# Exit SA - expired passport



## Jeandup (Nov 30, 2015)

Hi Everyone.

I am South African with dual Nationality ( SA and UK )

I am going on holiday to SA end of December for 3 weeks.
My SA passport has expired and there is not enough time to get a new on.
I have applied for the emergency travel certificate last week which should be ready this week.

My understanding is that this is a one way certificate into SA.
What do I do after the 3 weeks to leave the country? 

I need to get back to work ect. and cannot possibly wait months for a new passport there.

Law states to enter and exit on my SA passport.

Do I need to apply for an emergency passport to leave when I'm there ?
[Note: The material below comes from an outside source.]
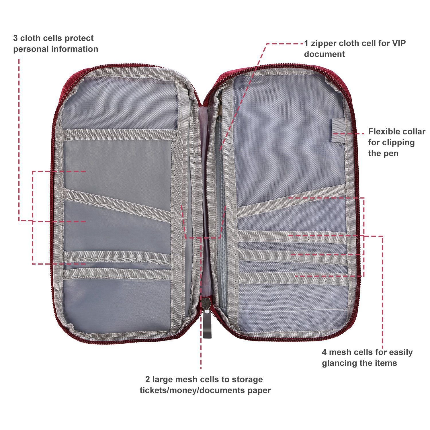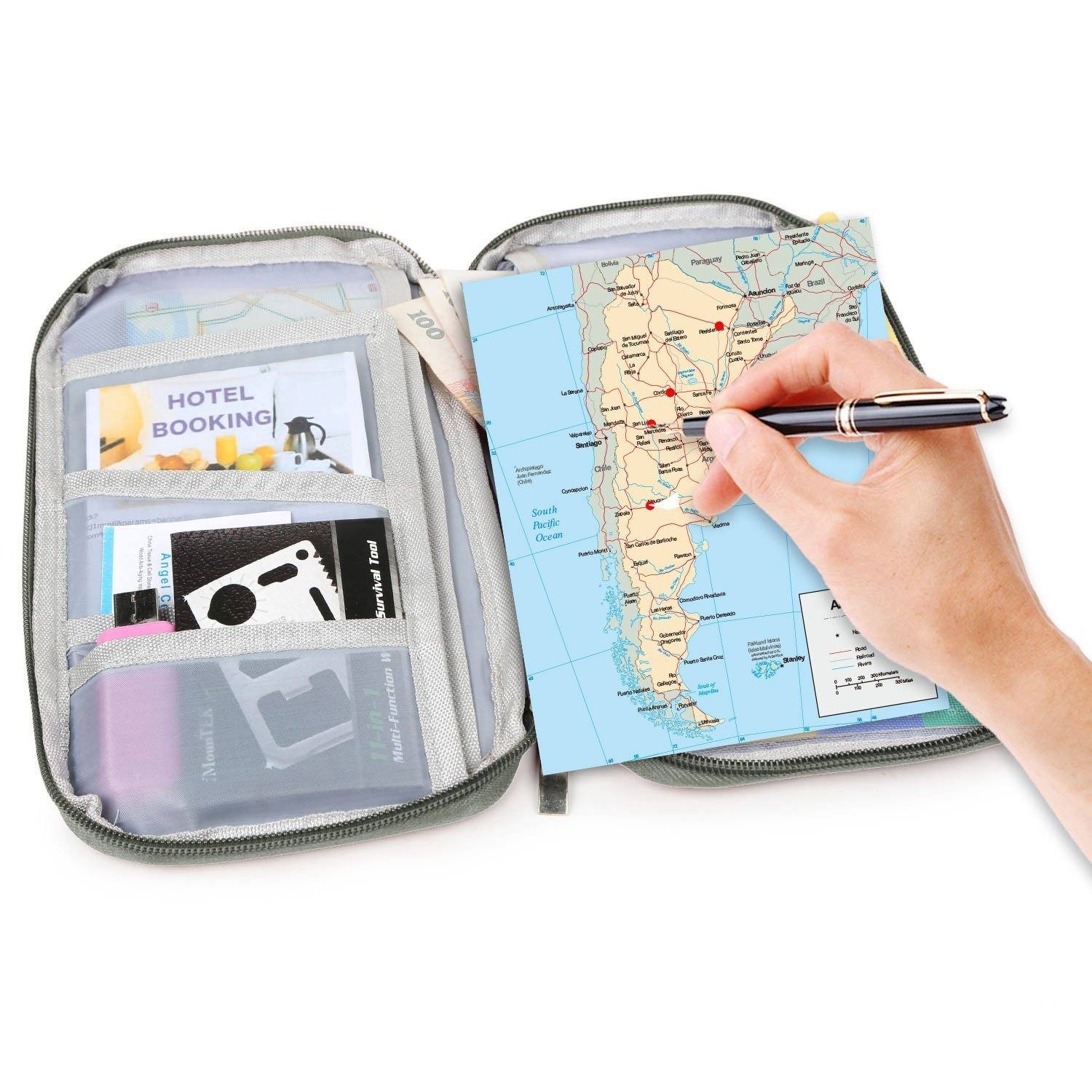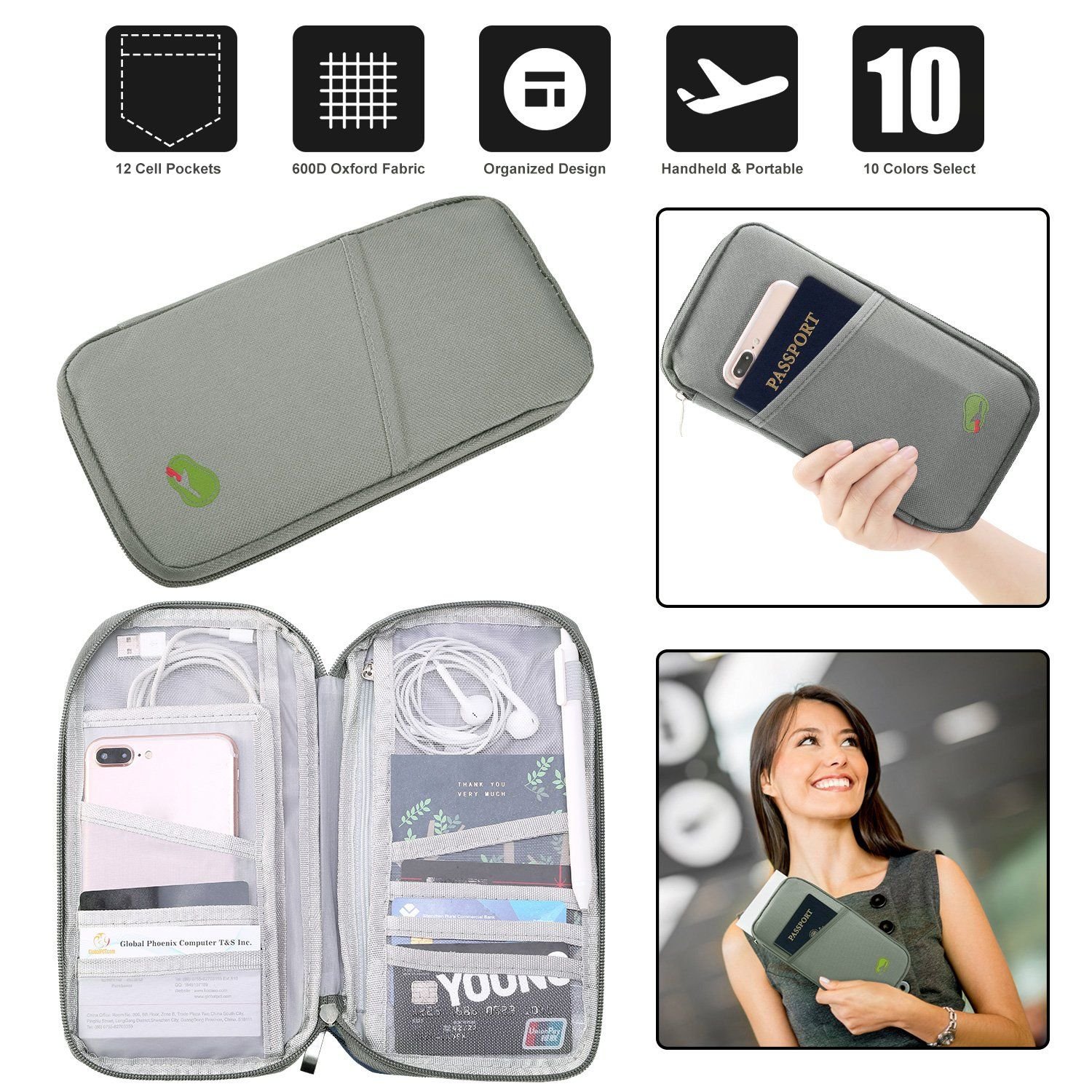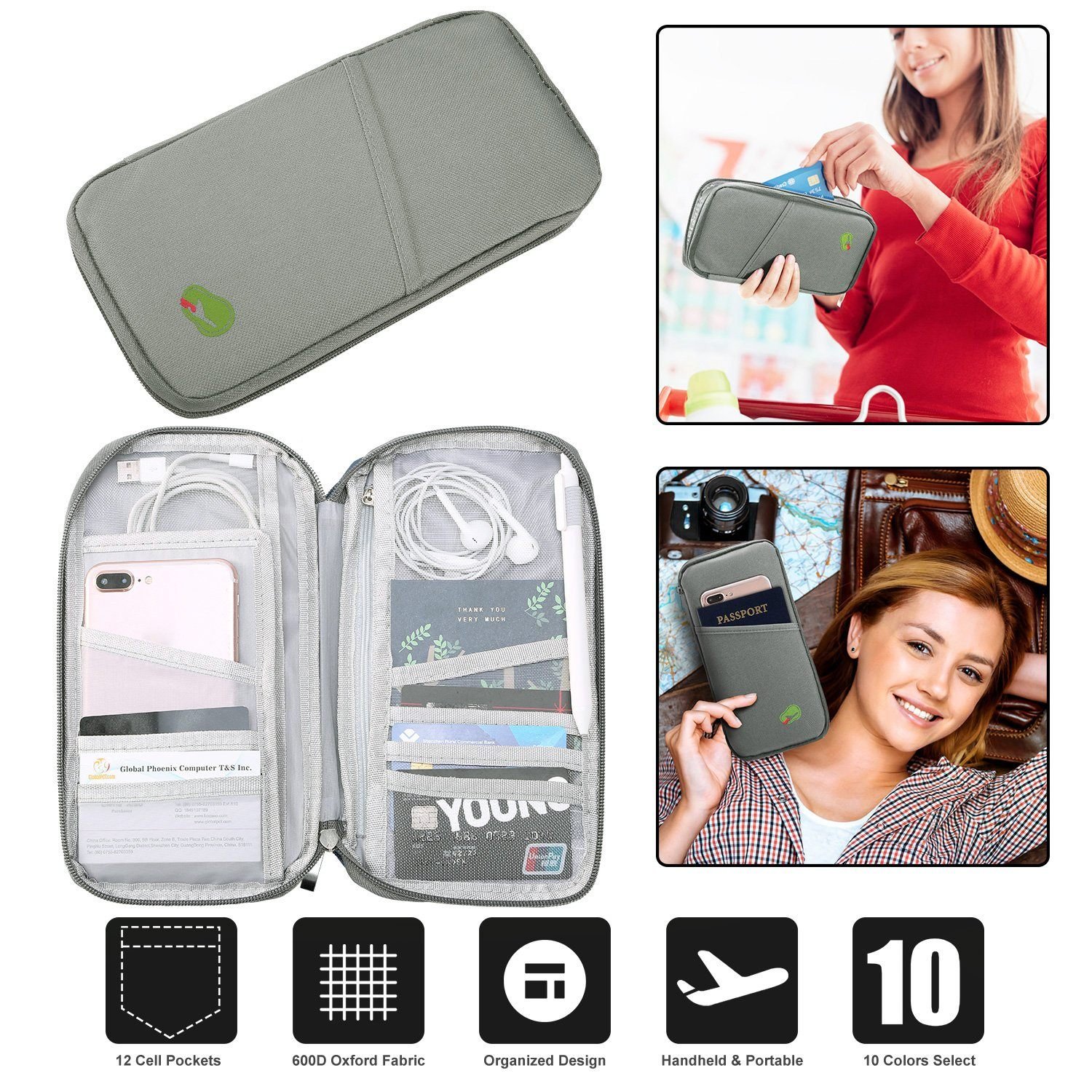 - Thoughtful Outside Storage Cell: A cell on the front of travel wallet for phone or any other thing often use. 4.5inches wide of cell slots are designed to accommodate phones. tickets etc. Bring much convenience for your trip or daily life.

Any advice will be much appreciated.

Thanks guys


----------



## Jeandup (Nov 30, 2015)

I was told by home affairs this morning I have to apply for a new passport and ask for it to be priority. It will then only take one week
Is this true?


----------



## Moto80 (Mar 10, 2015)

Hi my husband applied for a passport renewal and we got it back within 1 week... Hope that helps just a little bit


----------



## Jeandup (Nov 30, 2015)

Moto80 said:


> Hi my husband applied for a passport renewal and we got it back within 1 week... Hope that helps just a little bit


Was this is SA? Did he had to spesificaly ask to do as urgent ? was this recent ?

Thank you kindly


----------



## Tony1986 (Oct 23, 2015)

Jeandup said:


> Was this is SA? Did he had to spesificaly ask to do as urgent ? was this recent ?
> 
> Thank you kindly


A colleague of mine applied for the urgent passport and got it within a week. Just check with home affairs


----------